In making a futility determination, a court will generally weigh several factors, including "(1) whether plaintiff diligently pursued administrative relief; (2) whether plaintiff acted reasonably in seeking immediate judicial review under the circumstances; (3) existence of a fixed policy denying benefits; (4) failure of the insurance company to comply with its own internal administrative procedures; and (5) testimony of plan administrators that any administrative appeal was futile."Harrow, 279 F.3d at 250; See Berger, 911 F.2d at 916-917.
In addition to the futility exception, a claimant is not required to exhaust his or her administrative remedies if his or her claims "arise from violations of substantive statutory provisions." Harrow, 279 F.3d at 252 (quoting Zipf, 799 F.2d at 891). Generally, claims that qualify for the Zipf exception fall into one of two categories: "(1) discrimination claims under § 510 of ERISA, or (2) failure to provide plaintiffs with summary plan descriptions." Harrow v. Prudential Ins. Co., 76 F. Supp. 2d 558, 566 (D.N.J. 1999);See Cohen v. Gross, Sklar Metzgar, 703 F. Supp. 388, 390 (E.D. Pa. 1989).
Here, Londono failed to exhaust his administrative remedies, outlined in Plan D's summary plan description. According to the summary plan description, any appeal must be made in writing within 180 days after receiving notice of the denial of a claim for benefits. (Ex. 2 at 95). There is no evidence in the record indicating that Londono has ever filed an appeal with NNJ Plan's trustees.
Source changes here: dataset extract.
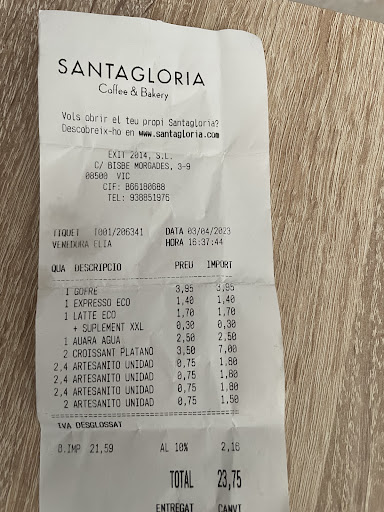 Read moreCómo cafeteria está bastante bien, grande, limpia y bastante bonita!! le pongo dos estrellas por que veo un atraco que por dos donuts me cobren 7,00€ al ver el tiquet que me ponia croisant de platano le pregunte a la dependienta y me dijo, que como no tenia entrado el donuts en la maquina ( cosas que veo fuera de sitio ya que es una cafeteria que venden a diario este producto ) me pico croisant que es el mismo precio!!!!! 3,50€ un donut????? ostras sinceramente parece que te ries de mi! y mas viniendo yo de este mundo se lo que cuesta un donut de 90gr, por eso me siento robado. el café correctoo un arabica y el servicio correcto aunque tuvimos que pedir el crep dos veces por que se le olvido ( cosas que entiendo que pueden pasar aunque no...
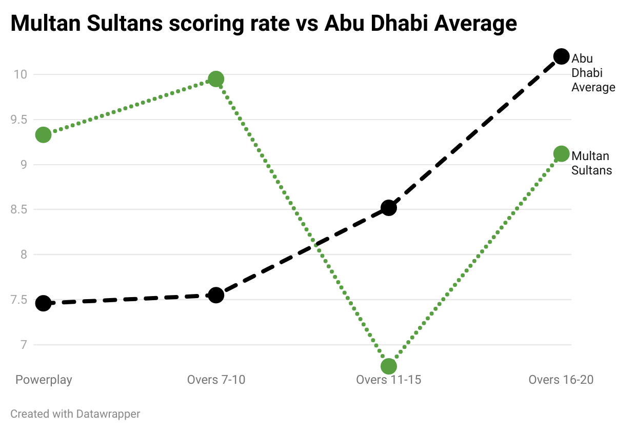 Their approach with the bat can be seen with their scoring rate in the Abu Dhabi leg this season, they have been better than the Abu Dhabi average in the first 10 overs of the innings, but their lack of batting depth is evident given their scoring rate in the back end of the innings.

Since there is no evidence in the record indicating that Londono diligently pursued administrative relief prior to commencing this action or that NNJ Plan has a fixed policy of denying claims on appeal, Londono does not qualify for the futility exception. Furthermore, since Londono was provided with a summary plan description that outlined in detail the administrative appeals process and his rights related to the review process, Londono does not qualify for the Zipf exception. Because Londono failed to exhaust his administrative remedies prior to commencing this action, Londono's claim is dismissed.
IV. Conclusion
For the foregoing reasons, NNJ Plan's motion for summary judgment is granted. An appropriate Order accompanies this Opinion.